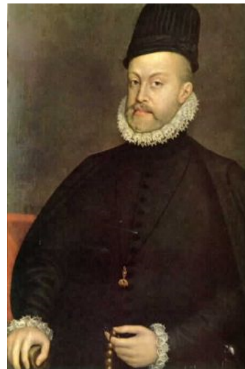
(b) Blaise de Vigenère
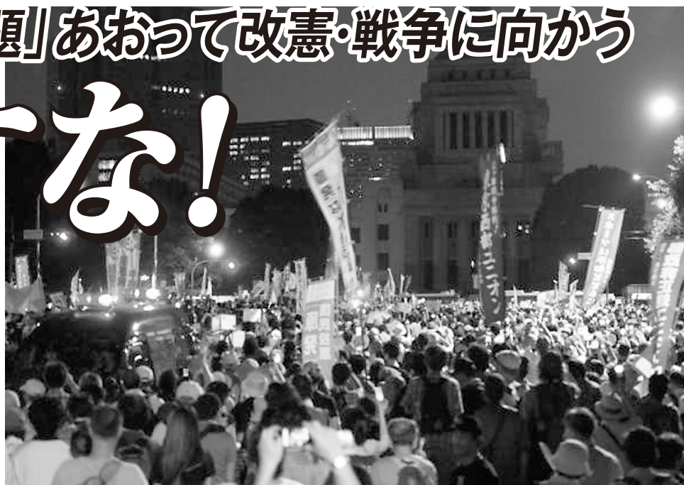
原発再稼働反対の「国会包囲行動」が呼びかけられた7月29日（日）、国会正門の道路は労働者市民の怒りで埋め尽くされた。6.29首相官邸前に「20万」の人波が押し寄せ、17万人結集の7.16「さようなら原発10万人集会」に続いての大規模な抗議闘争となった

「領土問題」があちこちで激化している根本原因は、世界大恐慌が進展し、各国の経済的・政治的危機が著しく高まり、その国内的危機を対外的に転嫁
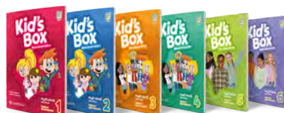
* Libros oficiales de Cambridge.

Trabajamos con libros oficiales de Cambridge para los grupos de primaria y libros oficiales de Cambridge de preparación de examen para los grupos de certificaciones oficiales (Aula Abierta proporcionará la opción de compra directa del libro de texto a través de Cambridge, al ser Cambridge Partner Premium contamos con precios reducidos en comparación con compra externa).
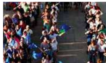
Escuela Oficial de Idiomas de San Roque

----

Directions: Read through the entries and copy each line in which "Cambridge" appears.

Response to the exercise:
* Libros oficiales de Cambridge.
Trabajamos con libros oficiales de Cambridge para los grupos de primaria y libros oficiales de Cambridge de preparación de examen para los grupos de certificaciones oficiales (Aula Abierta proporcionará la opción de compra directa del libro de texto a través de Cambridge, al ser Cambridge Partner Premium contamos con precios reducidos en comparación con compra externa).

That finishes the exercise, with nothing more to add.